为什么(列表'quote'x)求值为'x，而不是('x)或(quote'x)? [英] Why does (list 'quote 'x) evaluate to 'x and not ('x) or (quote 'x)?

问题描述

我正在尝试学习LISP，并且正在通过一个代码示例，其中使用了类似于以下代码的代码:

I'm trying to learn LISP and was going through a code example where something similar to the following code is used:

(列出'quote 5')

(list 'quote 5)

这在REPL中计算为'5.我希望它的计算结果为('5)或(引用5)

This evaluates to '5 in the REPL. I expected it to evaluate to ('5) or (quote 5)

我正在CLISP REPL中进行尝试.

I'm trying this out in the CLISP REPL.

任何帮助将不胜感激.

推荐答案

read-evaluate-print循环首先读取，然后求值

The read-evaluate-print loop first reads, then evaluates

'quote读为名称为QUOTE的符号"

'quote is read as "the symbol whose name is QUOTE"

5读为数字5"

因此(列表'引用5)被评估为创建一个列表，其第一个元素是名称为QUOTE且第二个元素为5的符号".

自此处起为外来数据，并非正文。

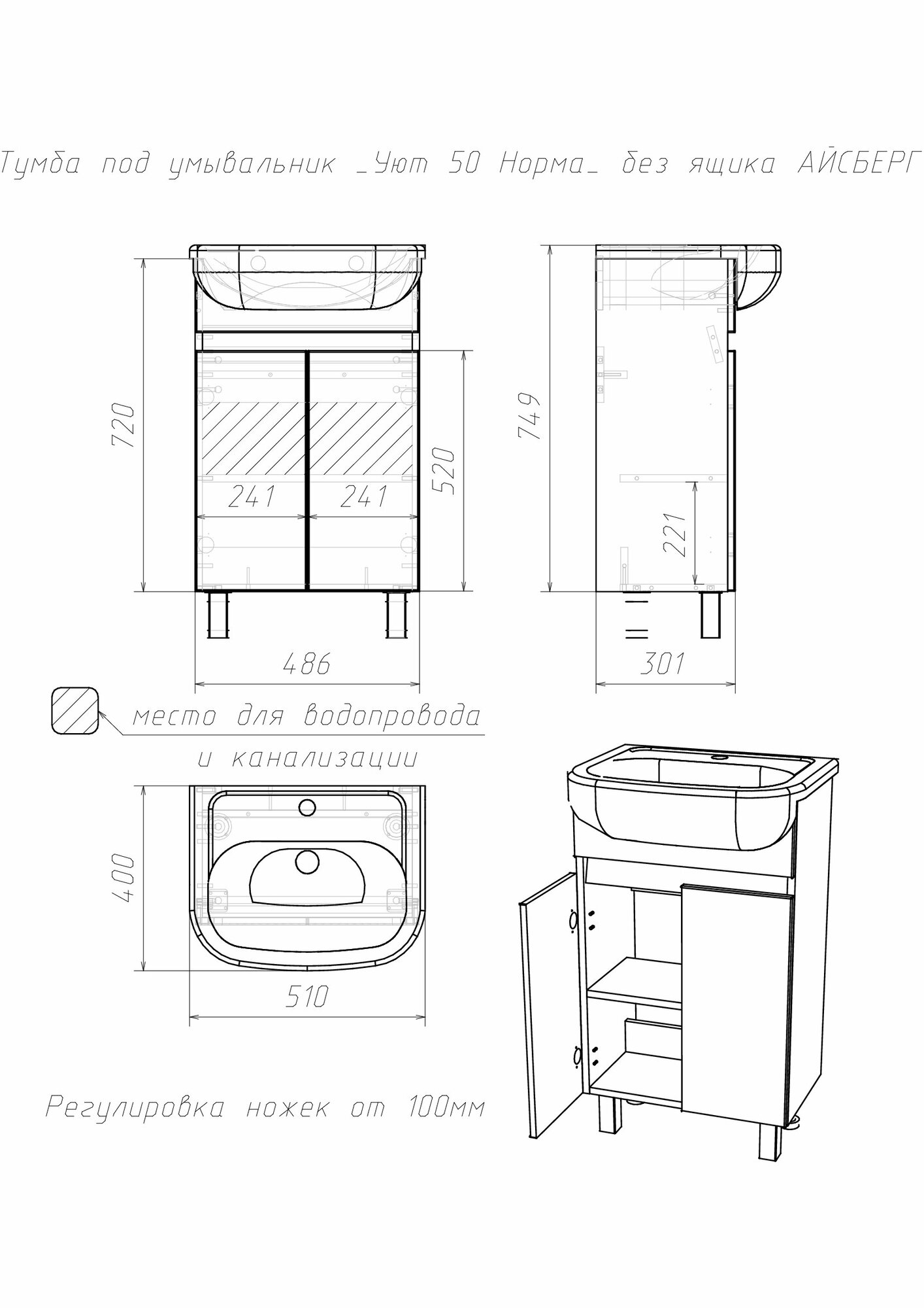 Тумба под умывальник "Уют 50 Норма" без ящика айсберг интересное:

So (list 'quote 5) is evaluated as "make a list whose first element is the symbol whose name is QUOTE and whose second element is 5".

该评估的结果可以写为(引用5)". '5"是另一种说法，打印机(可能大多数情况下)轻率地选择打印较短的格式，而不是较长的格式.

The result of this evaluation can be written as "(quote 5)". "'5" is another way of saying this, and the printer in some (probably most) lisp implentations will choose to print the shorter form instead of the longer one.

当您通过键入repl来学习这些内容时，您需要记住 阅读和评估的两个步骤是截然不同的，但是循环在同时进行了

When you're learning this stuff by typing at the repl you need to remember that the two steps of reading and evaluation are distinct, but that the loop is doing both

尝试

* (read-from-string "(list 'quote 5)")
(LIST 'QUOTE 5)

一次执行一个步骤，或者

to do one step at a time, or

* (first (read-from-string "(quote 5)"))
QUOTE
* (second (read-from-string "(quote 5)"))
5
* (read-from-string "(quote 5)")
'5

说服自己(引号5)"和'5"是同一回事

to convince yourself that "(quote 5)" and "'5" are the same thing

这篇关于为什么(列表'quote'x)求值为'x，而不是('x)或(quote'x)?的文章就介绍到这了，希望我们推荐的答案对大家有所帮助，也希望大家多多支持IT屋！